The second scaling law describes how performance improves with more training data. This addresses a complementary question to parameter scaling: if you gather more text to train on, how much better will your model become? Understanding this relationship is crucial because data collection has its own costs—curating high-quality training corpora requires substantial effort, and some domains have limited data availability.

The intuition behind data scaling parallels parameter scaling but works through a different mechanism. When you train on a small dataset, the model encounters only a limited sample of language patterns. Common constructions appear frequently enough to learn well, but rarer phenomena (unusual vocabulary, domain-specific expressions, complex reasoning patterns) may appear too infrequently for reliable learning. As the dataset grows, these rare patterns appear more often, giving the model opportunities to learn them. Eventually, however, even very large datasets become "saturated" in some sense. The most common patterns have already been thoroughly learned, and additional data primarily provides more examples of already-captured regularities rather than genuinely new information.

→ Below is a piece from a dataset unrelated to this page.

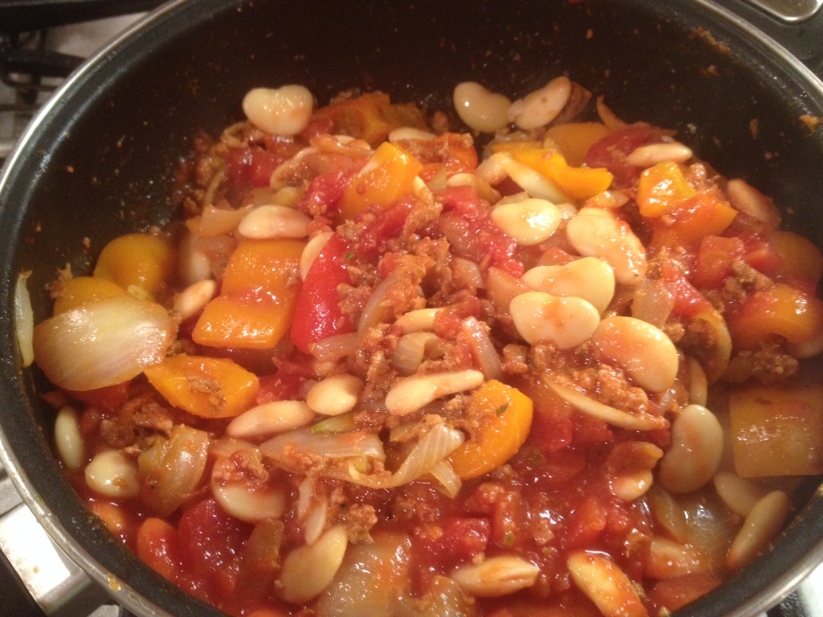 If you don’t buy the book, you wont go far wrong if you just chuck onions, peppers, chorizo sausage, butter beans and tomatoes into a pot.

When the model is large enough that it won't overfit (effectively infinite capacity), the loss follows:

L(D) = \left(\frac{D_c}{D}\right)^{\alpha_D}

where:

$L$ : the cross-entropy loss on held-out text
$D$ : the number of tokens in the training set (the total amount of text the model learns from)
$D_c$ : a fitted constant representing the characteristic data scale (approximately $5.4 \times 10^{13}$ tokens)
$\alpha_D$ : the data scaling exponent (approximately 0.095), governing how quickly loss improves with more data

The formula's structure mirrors the parameter scaling law, with $D_c$ serving as the characteristic data scale analogous to how $N_c$ served as the characteristic parameter scale. This parallel structure is not coincidental—it reflects the symmetric role that model capacity and data quantity play in determining what a neural network can learn. The characteristic scale $D_c \approx 5.4 \times 10^{13}$ tokens represents roughly 54 trillion tokens, an enormous amount of text that far exceeds any practical training corpus. This large value ensures that the ratio $D_c/D$ remains well above 1 for realistic datasets, producing the predictable decay in loss as data increases.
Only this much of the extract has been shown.